A few weeks ago I wrote about some strange things we had seen occurring with mandatory profiles. We had twice witnessed the scenario of an improperly configured mandatory profile causing user policies to fail or terminate prematurely. Naturally, I concluded this must be a scenario specific to man profiles. Well, I was wrong. Today I had it happen with just an ordinary user with their own roaming profile on the server. There's a chain of events, which goes like this:
- A user leaves the employ of our enterprise, and her computer is taken over by another staff member who doesn't have their own login account.
- Logically, the departing user's account is simply renamed to be the new user. But this causes folder redirection policy to fail. Microsoft claims this was first fixed in SP2 - the version the computer is running.
- To cut a long story short, I decide to drop the user account and create a new one. Windows then refuses to load their profile from the existing folder, despite having full control, because the ownership is set wrongly.

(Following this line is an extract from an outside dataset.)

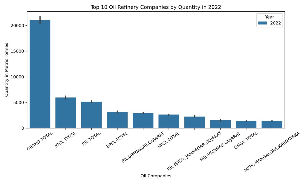 Note: only Jan and Feb data is available for 2023 and you can see the substantially higher amount of crude oil which has been refined so far.
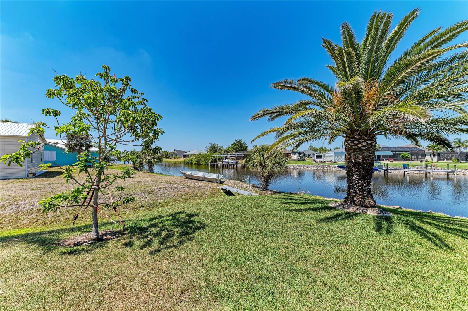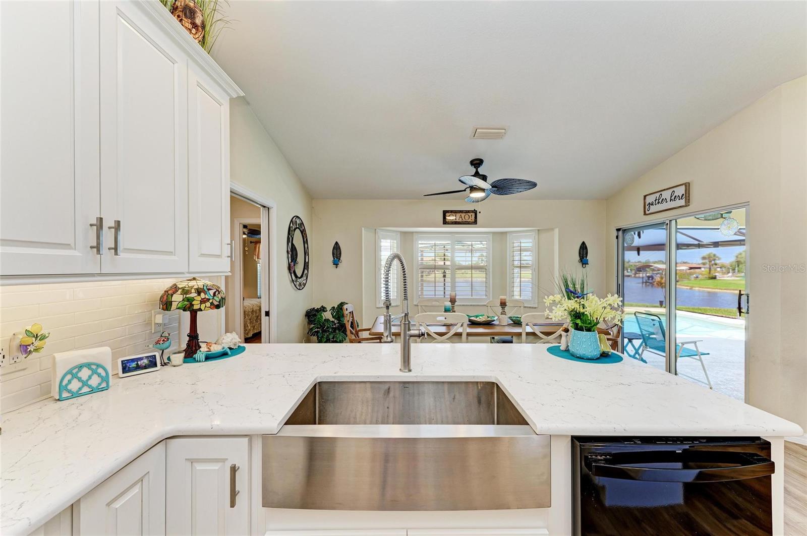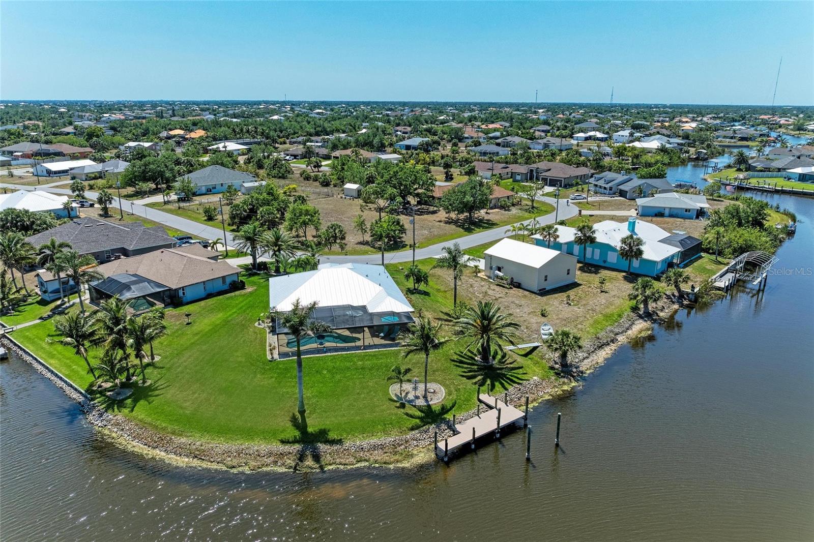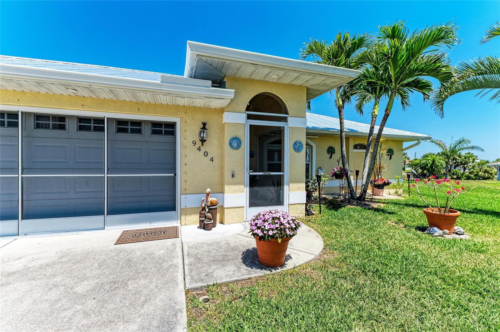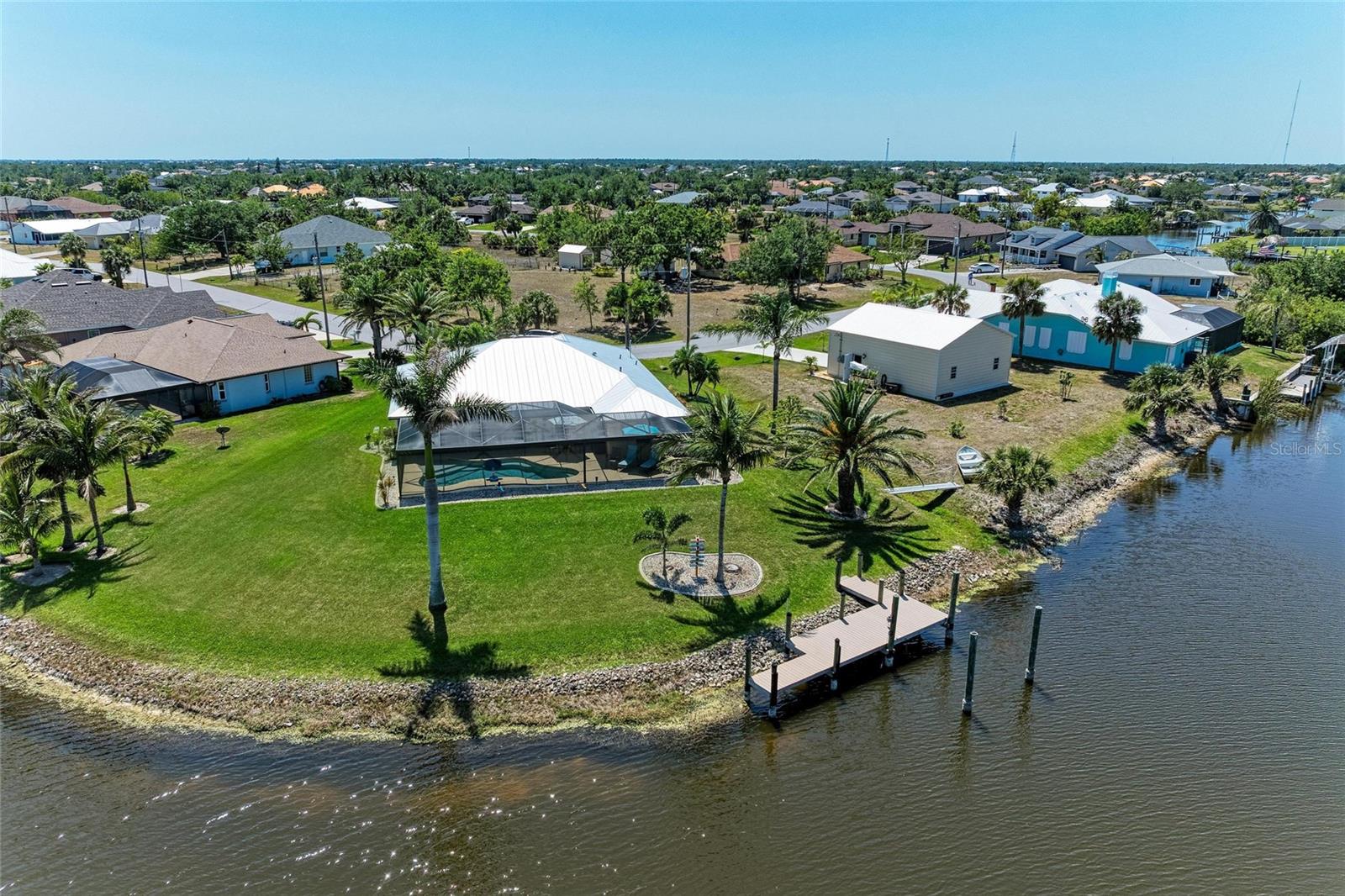 This stunning waterfront home boasts an impressive 168 (appx.) feet of serene water frontage, offering unobstructed, panoramic views and a peaceful ambiance. Designed with both durability and charm in mind, the home features a sleek metal roof and gutters, providing long-lasting protection and a clean, modern aesthetic. Recently redesigned with a fresh, modern touch, this beautiful home showcases porcelain tile throughout, and an open floor plan that seamlessly connects the living room, dinette area, and kitchen beneath a striking vaulted ceiling, creating an airy and expansive feel. The living room is adorned with classic plantation shutters and features large pocket sliders that open fully to the lanai, blending indoor and outdoor living with ease. The kitchen boasts rich wood cabinetry, quartz countertops, a charming farmhouse sink, and all appliances, making both everyday cooking and entertaining a breeze. Just off the kitchen, a cozy dinette with its own set of sliders to the lanai offers the perfect spot for casual dining or morning coffee with a stunning view. The inviting screened entrance creates a welcoming first impression, and the carefully designed curbing around the lush vegetation beds adds a polished touch to the mature tropical landscaping including palms and fruit-bearing mango, guava, and avocado trees is sustained by a 5-zone irrigation system. Additional thoughtful touches like the screened garage door allow for comfortable airflow while maintaining privacy and functionality. The primary bedroom includes pocket sliders that open directly to the lanai, his-and-her closets, and an ensuite bath with quartz topped vanity, creating a private retreat. Two guest bedrooms share the second bath which also has a wood vanity with quartz countertop and single bowl sink, perfect for family or visitors. The expansive lanai and pool deck area surround a heated saltwater pool featuring a sunshelf, beachfront-style entrance, and an outdoor shower--all enclosed by a panoramic screen that provides breathtaking, unobstructed water views. The property is enhanced by a 33 x 7 ft. composite dock equipped with water and electricity, riprap shoreline protection, and irrigation capabilities drawn from the canal. This property is a must see with its stunning waterfront views. You will love its perfect blend of style, comfort, and waterfront living while combining thoughtful design with modern living.

- I reset the ownership of the profile folder and all subfolders and files from "Account unknown" to "Administrators".
- At next logon, Windows pretends to load the profile, but user policies are incomplete - as shown by the apparent non execution of the login script resulting in no drive letter mappings. The user's start menu also has no program shortcuts on the left hand side, including Internet and Email.
- Eventually I dropped the profile and created a new one, result: problem solved.
Is there a pattern to this? You bet there is. One of the most annoying repetitive problems we have had is with our existing users that we migrated from our Samba system to Active Directory at the beginning of this year. We had Windows create new profiles for them, and then some of the data from their previous profile was merged into the new one (e.g. My Documents). The most consistent problem that these users have experienced is, you guessed it - incomplete user policy application - often expressed through login scripts not running or not finishing.
Another nasty little surprise to watch out for when you rename a user is, even though you can change the name of their profile folder on the server, Outlook keeps using the old local path for its data files. This is because Outlook's file paths are hardcoded rather than using a variable name as the Registry does.